• Instructions to follow: Under this line are the records; write out word for word the part that begins at the line containing "Ответ на сообщение" and ends at the line containing "El estadounidense Danny", and no more.

• Data shown:

* * * * * * * * *

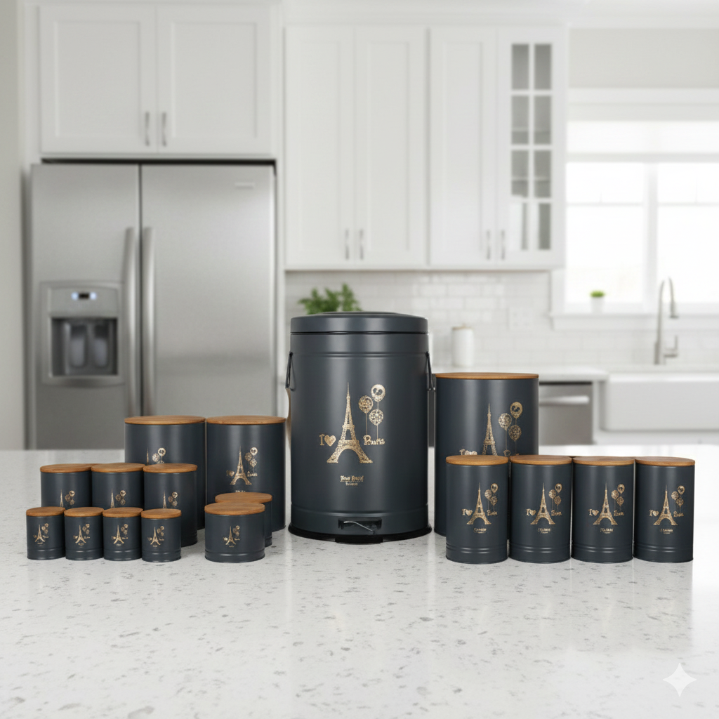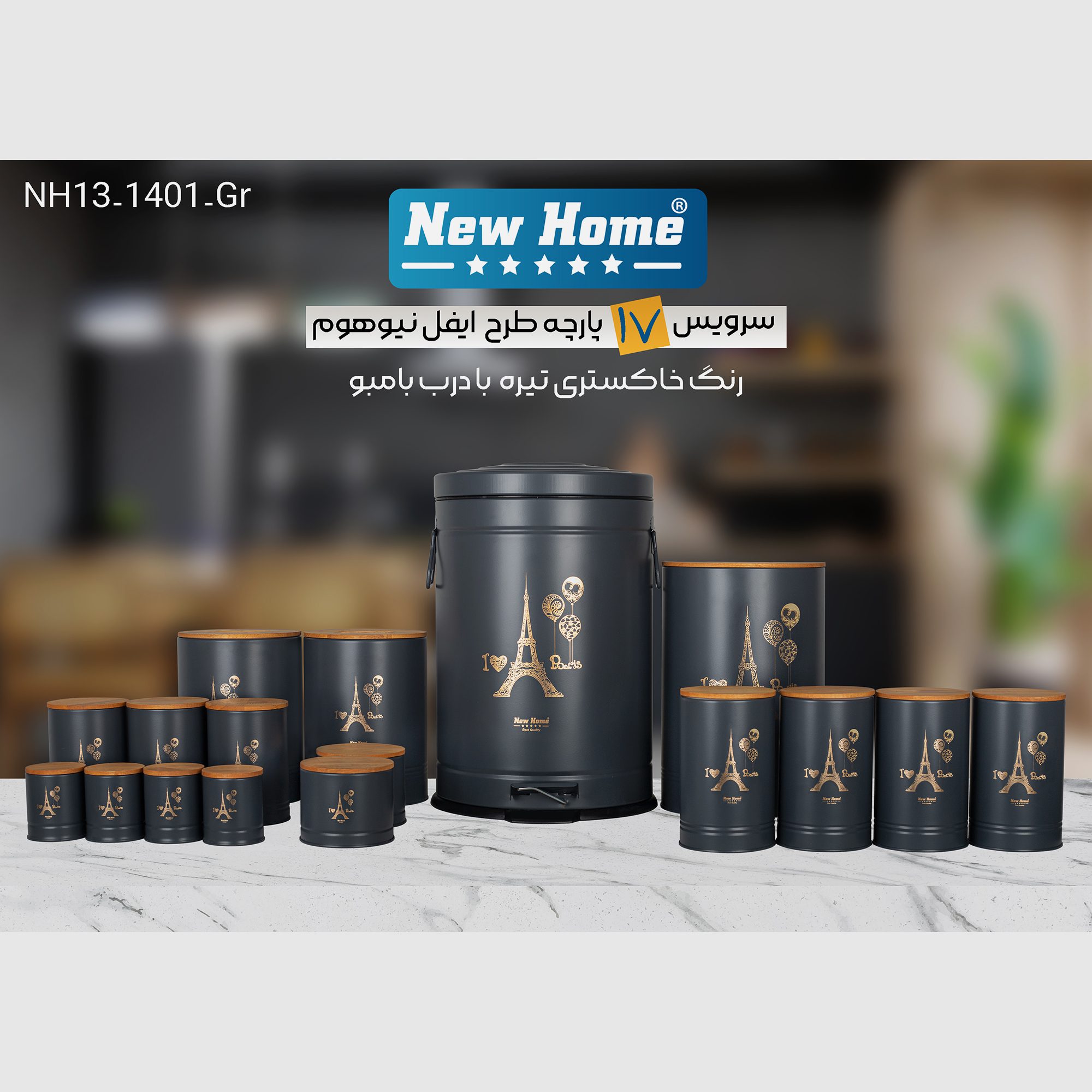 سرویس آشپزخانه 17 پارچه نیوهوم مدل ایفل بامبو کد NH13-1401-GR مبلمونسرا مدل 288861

* * * * * * * * *

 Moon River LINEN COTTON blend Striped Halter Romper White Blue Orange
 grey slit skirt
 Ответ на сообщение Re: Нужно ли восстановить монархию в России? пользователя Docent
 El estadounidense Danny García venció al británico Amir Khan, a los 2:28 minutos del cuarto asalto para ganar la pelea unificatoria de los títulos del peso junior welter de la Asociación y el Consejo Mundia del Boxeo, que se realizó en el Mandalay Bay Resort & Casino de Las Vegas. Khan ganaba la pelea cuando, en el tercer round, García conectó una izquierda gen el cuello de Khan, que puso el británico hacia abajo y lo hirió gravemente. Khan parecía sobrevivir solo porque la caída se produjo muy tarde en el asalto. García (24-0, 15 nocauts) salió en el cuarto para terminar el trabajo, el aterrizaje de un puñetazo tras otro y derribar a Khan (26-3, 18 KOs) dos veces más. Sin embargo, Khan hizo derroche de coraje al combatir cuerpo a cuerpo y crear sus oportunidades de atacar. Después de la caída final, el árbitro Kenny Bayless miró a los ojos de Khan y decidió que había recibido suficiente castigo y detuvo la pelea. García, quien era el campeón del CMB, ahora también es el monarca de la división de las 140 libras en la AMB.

* * * * * * * * *

• Reply to the exercise:
 Ответ на сообщение Re: Нужно ли восстановить монархию в России? пользователя Docent
 El estadounidense Danny García venció al británico Amir Khan, a los 2:28 minutos del cuarto asalto para ganar la pelea unificatoria de los títulos del peso junior welter de la Asociación y el Consejo Mundia del Boxeo, que se realizó en el Mandalay Bay Resort & Casino de Las Vegas. Khan ganaba la pelea cuando, en el tercer round, García conectó una izquierda gen el cuello de Khan, que puso el británico hacia abajo y lo hirió gravemente. Khan parecía sobrevivir solo porque la caída se produjo muy tarde en el asalto. García (24-0, 15 nocauts) salió en el cuarto para terminar el trabajo, el aterrizaje de un puñetazo tras otro y derribar a Khan (26-3, 18 KOs) dos veces más. Sin embargo, Khan hizo derroche de coraje al combatir cuerpo a cuerpo y crear sus oportunidades de atacar. Después de la caída final, el árbitro Kenny Bayless miró a los ojos de Khan y decidió que había recibido suficiente castigo y detuvo la pelea. García, quien era el campeón del CMB, ahora también es el monarca de la división de las 140 libras en la AMB.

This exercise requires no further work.